I guess since I have been hypercritical of more than a few of the individual episodes, some might wonder why I am giving this season a three star rating. I actually did not like this season during its initial run, but on repeated viewings it has grown on me. Standing all by itself it would truly be dreadful. However, you have to remember that by the conclusion of the eighth season, just about every issue between the various Conner family members had already been tackled and the show had become stale, so that there were really only two options - end the show at that point, or take it in an entirely different direction, which is the choice that was made.
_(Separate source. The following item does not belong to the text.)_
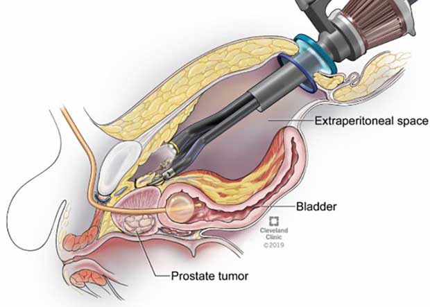 Laparoscopic or robotic-assisted laparoscopic prostatectomy: In these procedures, multiple small incisions are made, and specialized instruments and a camera are used to remove the prostate gland. The robotic-assisted approach involves the use of a surgical robot, controlled by a surgeon, to operate with enhanced precision and dexterity.

Thus, taken in contrast with the previous eight seasons, and especially the very mundane eigth season, I really liked the ninth season for the chances it took.
You also have to look at this season in the context of Roseanne's actual life. By the ninth season, the show had gradually been losing that genuine quality of a real working-class family for a couple of seasons at least in part because, by 1996, Roseanne herself had not been living a blue-collar lifestyle for over a decade. Thus it probably became increasingly difficult for her to inject something into her work that was becoming a distant memory for her. It was probably much easier for her to do something she knew - play a woman with a blue-collar background who comes into sudden wealth. I'm subtracting two stars mainly because the production quality could have been much better even given the exact same storyline. There should have been more effort put into the delivery of lines, and some episodes came off as unrehearsed and hurriedly thrown together. Plus, it really saddened me to see Laurie Metcalf's character of Jackie change from a delightful bundle of unpredictable neuroses into a sidekick with a Barney Fife-like quality. You have to ask yourself, though, do you actually believe that people would still be talking about this show if it had gone out with a whimper after its eighth season instead of taking the bizarre turn that it did in its ninth and final season? I seriously doubt it. Thus, I do recommend this DVD set to any Roseanne fan, especially if you are familiar with the previous eight seasons. Just prepare yourself for more than a few cringe-worthy moments of TV viewing.